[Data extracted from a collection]

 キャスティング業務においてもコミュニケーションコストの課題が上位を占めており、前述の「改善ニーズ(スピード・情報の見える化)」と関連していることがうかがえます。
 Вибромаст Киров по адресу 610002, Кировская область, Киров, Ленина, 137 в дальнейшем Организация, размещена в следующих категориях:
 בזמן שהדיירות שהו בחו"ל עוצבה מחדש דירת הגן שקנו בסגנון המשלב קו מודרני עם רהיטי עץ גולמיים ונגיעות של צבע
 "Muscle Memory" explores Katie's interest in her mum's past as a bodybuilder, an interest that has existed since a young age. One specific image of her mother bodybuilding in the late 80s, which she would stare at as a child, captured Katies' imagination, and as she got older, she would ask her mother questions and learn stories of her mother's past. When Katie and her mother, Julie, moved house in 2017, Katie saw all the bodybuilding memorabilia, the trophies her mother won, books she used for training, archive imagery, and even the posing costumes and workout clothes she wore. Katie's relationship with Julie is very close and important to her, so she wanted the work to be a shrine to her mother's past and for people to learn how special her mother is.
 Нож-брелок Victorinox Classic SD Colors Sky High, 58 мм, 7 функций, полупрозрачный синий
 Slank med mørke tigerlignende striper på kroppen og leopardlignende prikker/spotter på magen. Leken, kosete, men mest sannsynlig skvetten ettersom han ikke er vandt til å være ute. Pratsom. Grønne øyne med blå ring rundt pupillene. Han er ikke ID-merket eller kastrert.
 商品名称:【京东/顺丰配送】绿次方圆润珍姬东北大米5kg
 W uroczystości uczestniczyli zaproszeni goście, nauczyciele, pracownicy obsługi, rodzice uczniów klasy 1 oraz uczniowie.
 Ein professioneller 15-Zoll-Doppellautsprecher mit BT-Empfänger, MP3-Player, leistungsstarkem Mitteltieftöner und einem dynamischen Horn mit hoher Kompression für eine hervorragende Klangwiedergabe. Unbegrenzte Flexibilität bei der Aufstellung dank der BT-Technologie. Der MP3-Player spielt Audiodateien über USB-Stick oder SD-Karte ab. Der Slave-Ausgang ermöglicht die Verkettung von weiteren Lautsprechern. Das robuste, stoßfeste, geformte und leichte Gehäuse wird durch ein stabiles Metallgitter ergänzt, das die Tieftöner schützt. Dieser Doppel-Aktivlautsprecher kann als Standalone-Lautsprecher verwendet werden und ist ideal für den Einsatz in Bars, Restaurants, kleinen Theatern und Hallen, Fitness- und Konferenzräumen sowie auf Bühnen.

*Problem description:* Reproduce exactly every line that sits between the start of the entries and the line bearing "Нож-брелок Victorinox Classic", counting both of those lines.

*Finished task:*
 キャスティング業務においてもコミュニケーションコストの課題が上位を占めており、前述の「改善ニーズ(スピード・情報の見える化)」と関連していることがうかがえます。
 Вибромаст Киров по адресу 610002, Кировская область, Киров, Ленина, 137 в дальнейшем Организация, размещена в следующих категориях:
 בזמן שהדיירות שהו בחו"ל עוצבה מחדש דירת הגן שקנו בסגנון המשלב קו מודרני עם רהיטי עץ גולמיים ונגיעות של צבע
 "Muscle Memory" explores Katie's interest in her mum's past as a bodybuilder, an interest that has existed since a young age. One specific image of her mother bodybuilding in the late 80s, which she would stare at as a child, captured Katies' imagination, and as she got older, she would ask her mother questions and learn stories of her mother's past. When Katie and her mother, Julie, moved house in 2017, Katie saw all the bodybuilding memorabilia, the trophies her mother won, books she used for training, archive imagery, and even the posing costumes and workout clothes she wore. Katie's relationship with Julie is very close and important to her, so she wanted the work to be a shrine to her mother's past and for people to learn how special her mother is.
 Нож-брелок Victorinox Classic SD Colors Sky High, 58 мм, 7 функций, полупрозрачный синий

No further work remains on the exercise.